All entries are to be reproduced exactly; the pictures are to be omitted.
*** Opening Task input ***
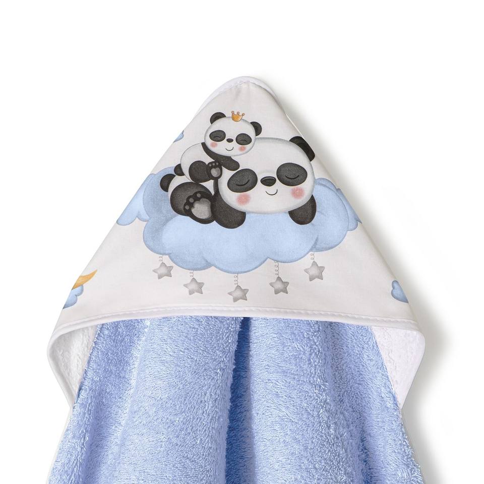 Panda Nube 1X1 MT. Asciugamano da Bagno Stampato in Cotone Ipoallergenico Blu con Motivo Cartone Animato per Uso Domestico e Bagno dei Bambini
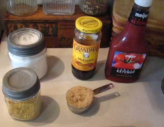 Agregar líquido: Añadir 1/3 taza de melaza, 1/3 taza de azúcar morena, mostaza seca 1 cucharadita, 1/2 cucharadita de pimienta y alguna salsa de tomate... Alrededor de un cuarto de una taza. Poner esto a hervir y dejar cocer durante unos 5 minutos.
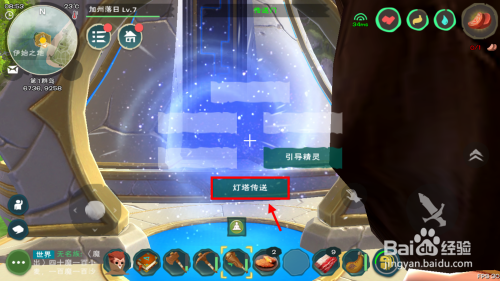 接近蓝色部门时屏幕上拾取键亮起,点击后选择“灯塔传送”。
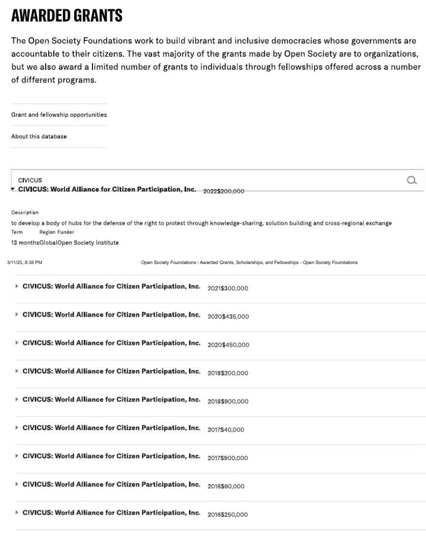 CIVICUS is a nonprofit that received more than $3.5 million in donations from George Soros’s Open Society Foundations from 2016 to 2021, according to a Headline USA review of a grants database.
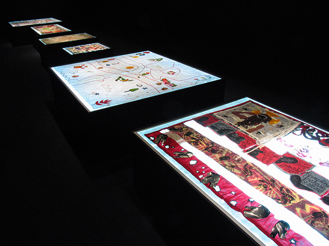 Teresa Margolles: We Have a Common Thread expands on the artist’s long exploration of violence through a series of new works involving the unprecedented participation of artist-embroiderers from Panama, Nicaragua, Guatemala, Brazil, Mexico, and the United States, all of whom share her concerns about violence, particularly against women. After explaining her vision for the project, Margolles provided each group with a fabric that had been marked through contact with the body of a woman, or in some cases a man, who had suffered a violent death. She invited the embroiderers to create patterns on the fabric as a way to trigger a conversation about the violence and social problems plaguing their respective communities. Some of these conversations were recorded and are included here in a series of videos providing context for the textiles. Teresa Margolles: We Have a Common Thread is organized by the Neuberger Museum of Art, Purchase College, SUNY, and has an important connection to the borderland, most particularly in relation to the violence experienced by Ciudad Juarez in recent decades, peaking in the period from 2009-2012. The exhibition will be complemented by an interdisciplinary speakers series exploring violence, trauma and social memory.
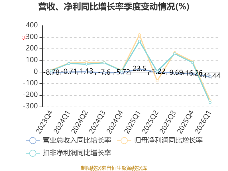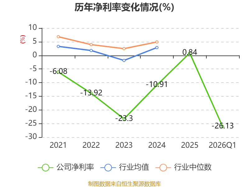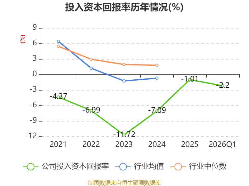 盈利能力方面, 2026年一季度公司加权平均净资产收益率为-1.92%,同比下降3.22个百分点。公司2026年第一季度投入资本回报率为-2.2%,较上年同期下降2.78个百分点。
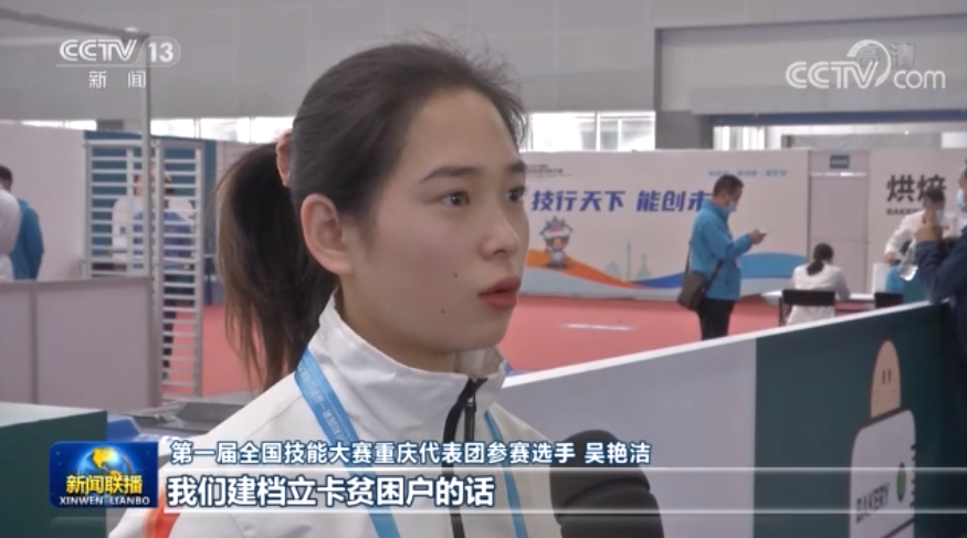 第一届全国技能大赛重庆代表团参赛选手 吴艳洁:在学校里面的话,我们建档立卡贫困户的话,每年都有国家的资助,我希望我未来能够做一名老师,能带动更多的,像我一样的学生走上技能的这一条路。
*** Closing Task input ***
_Answer space_
 Panda Nube 1X1 MT. Asciugamano da Bagno Stampato in Cotone Ipoallergenico Blu con Motivo Cartone Animato per Uso Domestico e Bagno dei Bambini
 Agregar líquido: Añadir 1/3 taza de melaza, 1/3 taza de azúcar morena, mostaza seca 1 cucharadita, 1/2 cucharadita de pimienta y alguna salsa de tomate... Alrededor de un cuarto de una taza. Poner esto a hervir y dejar cocer durante unos 5 minutos.
 接近蓝色部门时屏幕上拾取键亮起,点击后选择“灯塔传送”。
 CIVICUS is a nonprofit that received more than $3.5 million in donations from George Soros’s Open Society Foundations from 2016 to 2021, according to a Headline USA review of a grants database.
 Teresa Margolles: We Have a Common Thread expands on the artist’s long exploration of violence through a series of new works involving the unprecedented participation of artist-embroiderers from Panama, Nicaragua, Guatemala, Brazil, Mexico, and the United States, all of whom share her concerns about violence, particularly against women. After explaining her vision for the project, Margolles provided each group with a fabric that had been marked through contact with the body of a woman, or in some cases a man, who had suffered a violent death. She invited the embroiderers to create patterns on the fabric as a way to trigger a conversation about the violence and social problems plaguing their respective communities. Some of these conversations were recorded and are included here in a series of videos providing context for the textiles. Teresa Margolles: We Have a Common Thread is organized by the Neuberger Museum of Art, Purchase College, SUNY, and has an important connection to the borderland, most particularly in relation to the violence experienced by Ciudad Juarez in recent decades, peaking in the period from 2009-2012. The exhibition will be complemented by an interdisciplinary speakers series exploring violence, trauma and social memory.
 盈利能力方面, 2026年一季度公司加权平均净资产收益率为-1.92%,同比下降3.22个百分点。公司2026年第一季度投入资本回报率为-2.2%,较上年同期下降2.78个百分点。
 第一届全国技能大赛重庆代表团参赛选手 吴艳洁:在学校里面的话,我们建档立卡贫困户的话,每年都有国家的资助,我希望我未来能够做一名老师,能带动更多的,像我一样的学生走上技能的这一条路。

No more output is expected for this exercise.